Despite this enthusiastic reception, Grieg actually had some difficulty in persuading a publisher to accept the concerto—surely one of the ironies of business history. In fact, the piece was ushered into print only in 1872. It was, therefore, with merely the manuscript in his hand that Grieg visited Liszt in Rome in 1870 in order to get the great man’s blessing for his creative efforts. Liszt, surrounded by a coterie of admiring female acolytes, sight-read the piece with expert aplomb. He was gratifyingly captivated by the national elements in the work, and especially the modal inflections of the grand tune at the close. According to Grieg himself: ‘He stretched out his arm commandingly like an emperor and shouted “G, G! Not G sharp! Bravo!”.’ Taking farewell of his delighted younger colleague, he added the unforgettable words: ‘You carry on, my friend. You have the right stuff in you. And don’t ever let them frighten you!’

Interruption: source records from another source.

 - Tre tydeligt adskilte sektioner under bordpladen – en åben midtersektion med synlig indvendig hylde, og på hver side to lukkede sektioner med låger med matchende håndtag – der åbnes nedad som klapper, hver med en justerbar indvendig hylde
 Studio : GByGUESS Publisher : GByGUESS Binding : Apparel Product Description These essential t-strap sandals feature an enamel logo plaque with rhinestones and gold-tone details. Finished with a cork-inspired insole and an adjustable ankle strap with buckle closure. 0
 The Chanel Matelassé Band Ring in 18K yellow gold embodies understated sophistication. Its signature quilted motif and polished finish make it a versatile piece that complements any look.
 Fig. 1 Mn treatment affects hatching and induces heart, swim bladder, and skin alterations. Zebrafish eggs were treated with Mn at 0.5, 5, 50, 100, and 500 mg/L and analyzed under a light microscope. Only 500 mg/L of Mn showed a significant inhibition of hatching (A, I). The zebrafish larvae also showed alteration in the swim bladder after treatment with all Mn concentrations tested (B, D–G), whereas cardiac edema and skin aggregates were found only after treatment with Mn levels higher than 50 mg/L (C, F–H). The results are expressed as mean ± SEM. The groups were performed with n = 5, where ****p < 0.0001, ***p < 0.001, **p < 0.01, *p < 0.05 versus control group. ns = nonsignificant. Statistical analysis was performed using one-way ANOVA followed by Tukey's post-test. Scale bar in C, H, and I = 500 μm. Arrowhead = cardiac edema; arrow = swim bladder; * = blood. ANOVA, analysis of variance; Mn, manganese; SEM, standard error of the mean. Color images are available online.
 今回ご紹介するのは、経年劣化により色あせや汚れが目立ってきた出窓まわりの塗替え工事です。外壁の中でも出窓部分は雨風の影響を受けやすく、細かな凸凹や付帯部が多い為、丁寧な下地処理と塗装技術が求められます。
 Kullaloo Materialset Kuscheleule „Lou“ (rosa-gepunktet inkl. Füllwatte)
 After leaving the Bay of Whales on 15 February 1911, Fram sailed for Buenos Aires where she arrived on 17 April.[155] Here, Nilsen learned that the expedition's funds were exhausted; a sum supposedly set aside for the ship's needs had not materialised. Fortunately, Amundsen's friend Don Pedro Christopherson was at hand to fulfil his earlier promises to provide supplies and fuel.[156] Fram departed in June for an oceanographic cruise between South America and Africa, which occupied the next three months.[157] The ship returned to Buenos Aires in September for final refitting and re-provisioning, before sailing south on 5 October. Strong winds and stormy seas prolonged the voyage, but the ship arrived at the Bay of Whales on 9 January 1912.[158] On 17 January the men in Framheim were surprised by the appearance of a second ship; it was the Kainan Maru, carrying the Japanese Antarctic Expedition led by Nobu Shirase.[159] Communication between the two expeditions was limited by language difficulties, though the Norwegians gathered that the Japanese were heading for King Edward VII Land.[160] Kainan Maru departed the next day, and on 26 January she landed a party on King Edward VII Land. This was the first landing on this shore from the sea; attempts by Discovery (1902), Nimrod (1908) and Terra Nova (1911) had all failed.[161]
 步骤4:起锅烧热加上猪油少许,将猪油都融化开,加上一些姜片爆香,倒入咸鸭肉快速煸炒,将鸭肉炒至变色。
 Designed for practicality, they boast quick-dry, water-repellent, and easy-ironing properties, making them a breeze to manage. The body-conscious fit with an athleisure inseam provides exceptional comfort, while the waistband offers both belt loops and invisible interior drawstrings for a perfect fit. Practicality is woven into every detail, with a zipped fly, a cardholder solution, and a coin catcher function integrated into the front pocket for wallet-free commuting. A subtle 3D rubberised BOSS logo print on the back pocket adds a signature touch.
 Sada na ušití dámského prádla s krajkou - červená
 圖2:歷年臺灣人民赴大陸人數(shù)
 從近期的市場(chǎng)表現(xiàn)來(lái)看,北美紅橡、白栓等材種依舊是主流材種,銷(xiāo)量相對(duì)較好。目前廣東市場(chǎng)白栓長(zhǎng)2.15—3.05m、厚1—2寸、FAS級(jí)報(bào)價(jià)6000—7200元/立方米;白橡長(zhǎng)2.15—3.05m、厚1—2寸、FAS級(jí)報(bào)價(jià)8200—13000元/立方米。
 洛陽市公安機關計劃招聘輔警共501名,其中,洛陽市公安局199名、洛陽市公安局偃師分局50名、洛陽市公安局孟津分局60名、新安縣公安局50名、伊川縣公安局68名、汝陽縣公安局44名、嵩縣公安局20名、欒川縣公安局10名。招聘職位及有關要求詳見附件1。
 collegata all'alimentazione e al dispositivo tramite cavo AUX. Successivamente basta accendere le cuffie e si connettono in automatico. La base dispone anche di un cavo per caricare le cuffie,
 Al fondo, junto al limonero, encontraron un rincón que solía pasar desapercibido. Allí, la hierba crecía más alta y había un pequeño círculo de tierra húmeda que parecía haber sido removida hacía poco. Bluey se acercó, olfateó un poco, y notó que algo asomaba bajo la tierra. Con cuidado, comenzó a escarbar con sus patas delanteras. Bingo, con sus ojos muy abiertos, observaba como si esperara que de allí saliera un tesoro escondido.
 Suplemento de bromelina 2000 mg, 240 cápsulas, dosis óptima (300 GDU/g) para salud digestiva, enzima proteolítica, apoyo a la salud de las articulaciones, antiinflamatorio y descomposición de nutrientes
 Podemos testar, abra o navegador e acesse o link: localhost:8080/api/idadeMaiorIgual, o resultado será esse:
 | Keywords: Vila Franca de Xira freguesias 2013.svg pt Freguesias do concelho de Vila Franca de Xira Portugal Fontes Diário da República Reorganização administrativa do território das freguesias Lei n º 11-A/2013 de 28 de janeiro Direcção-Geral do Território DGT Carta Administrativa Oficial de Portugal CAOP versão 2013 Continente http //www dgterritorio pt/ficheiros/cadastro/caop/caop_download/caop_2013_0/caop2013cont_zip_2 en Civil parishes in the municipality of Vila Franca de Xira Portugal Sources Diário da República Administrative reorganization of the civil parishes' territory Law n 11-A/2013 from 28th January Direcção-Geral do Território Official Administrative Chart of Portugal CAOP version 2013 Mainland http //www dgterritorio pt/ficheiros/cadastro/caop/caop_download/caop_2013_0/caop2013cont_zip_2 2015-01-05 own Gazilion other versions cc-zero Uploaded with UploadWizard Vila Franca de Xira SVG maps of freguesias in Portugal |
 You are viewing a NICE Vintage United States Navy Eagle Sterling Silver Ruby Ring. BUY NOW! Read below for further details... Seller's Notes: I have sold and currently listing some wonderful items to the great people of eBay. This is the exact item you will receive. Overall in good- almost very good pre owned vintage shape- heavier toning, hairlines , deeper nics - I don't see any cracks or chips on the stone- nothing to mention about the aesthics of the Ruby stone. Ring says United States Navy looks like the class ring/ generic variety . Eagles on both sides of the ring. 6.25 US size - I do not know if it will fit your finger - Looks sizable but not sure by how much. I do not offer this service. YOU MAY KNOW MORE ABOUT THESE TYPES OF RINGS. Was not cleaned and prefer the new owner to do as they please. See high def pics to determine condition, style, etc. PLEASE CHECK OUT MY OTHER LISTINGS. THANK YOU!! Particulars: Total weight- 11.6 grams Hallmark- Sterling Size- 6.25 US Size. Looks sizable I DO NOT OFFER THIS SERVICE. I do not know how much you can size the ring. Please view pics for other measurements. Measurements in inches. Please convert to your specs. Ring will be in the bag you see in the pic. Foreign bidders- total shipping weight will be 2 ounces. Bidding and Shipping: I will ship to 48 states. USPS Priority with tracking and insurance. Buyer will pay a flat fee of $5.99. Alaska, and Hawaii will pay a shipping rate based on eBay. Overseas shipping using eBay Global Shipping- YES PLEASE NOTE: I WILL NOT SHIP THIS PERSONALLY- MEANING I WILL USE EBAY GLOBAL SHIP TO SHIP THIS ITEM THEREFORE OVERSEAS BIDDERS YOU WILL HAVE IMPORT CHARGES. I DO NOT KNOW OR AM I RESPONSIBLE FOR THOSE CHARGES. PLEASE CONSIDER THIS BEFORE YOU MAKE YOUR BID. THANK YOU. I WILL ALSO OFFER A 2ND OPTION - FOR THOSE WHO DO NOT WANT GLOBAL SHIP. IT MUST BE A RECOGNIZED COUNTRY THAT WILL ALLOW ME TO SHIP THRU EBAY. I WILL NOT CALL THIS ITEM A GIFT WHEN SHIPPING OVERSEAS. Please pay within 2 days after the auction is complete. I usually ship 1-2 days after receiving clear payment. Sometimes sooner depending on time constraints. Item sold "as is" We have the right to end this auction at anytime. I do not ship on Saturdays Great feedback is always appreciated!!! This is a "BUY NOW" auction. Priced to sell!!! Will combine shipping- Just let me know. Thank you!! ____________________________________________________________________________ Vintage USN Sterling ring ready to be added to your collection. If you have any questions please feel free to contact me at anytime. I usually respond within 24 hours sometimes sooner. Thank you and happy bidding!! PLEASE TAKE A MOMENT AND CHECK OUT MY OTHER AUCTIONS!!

It is simple to see what attracted Liszt and Rubinstein in what was soon to become the most popular of all concertos. There is, to be sure, little that is original about the structure of the work—a more or less ‘sonata-form-made-easy’ Allegro molto moderato first movement, a hymn-like Adagio second movement (shades of Beethoven’s Emperor here), and an acerbically bouncy Allegro moderato molto e marcato finale, clearly influenced by the vigorous Halling folk-dance (in Grieg’s day a fixture at Norwegian weddings). But what really scores is the concerto’s magnificently memorable melodic invention—still irresistible even after 140 years of over-exposure—and the quasi-herbal intensity of its harmonization.

The latter has often-overlooked links to Mendelssohn’s so-called ‘Ossianic manner’: not surprisingly, perhaps, as both composers were influenced by Nordic national music. Indeed, the first subject tune of Grieg’s opening movement has a very similar harmonic and melodic outline to the Allegro theme of the first movement of Mendelssohn’s Scottish Symphony, just as the famous ‘Hall of the Mountain King’ from Peer Gynt exactly follows a harmonic scheme from the Hebrides Overture (it is no coincidence that the Grieg pieces are also in the same keys as the Mendelssohn). Another unmistakeable allusion is to Schumann’s piano concerto. Grieg obviously adapted its opening flourish to begin his own work—possibly a memory of student days in Leipzig, when he heard Clara Schumann herself play her husband’s masterpiece.

But if the Grieg concerto looks back to Schumann and Mendelssohn, it also looks forward to Ignacy Paderewski, who might almost have had the Norwegian composer’s score wide open on his desk when he wrote his own A minor piano concerto in 1888. Grieg’s wonderful work had swiftly become a template for the ‘national’ concerto style. Now, Paderewski’s piece is an impressive achievement—so why is it so little played in comparison to its forebear? The answer is simple: Grieg, like the devil, has all the best tunes.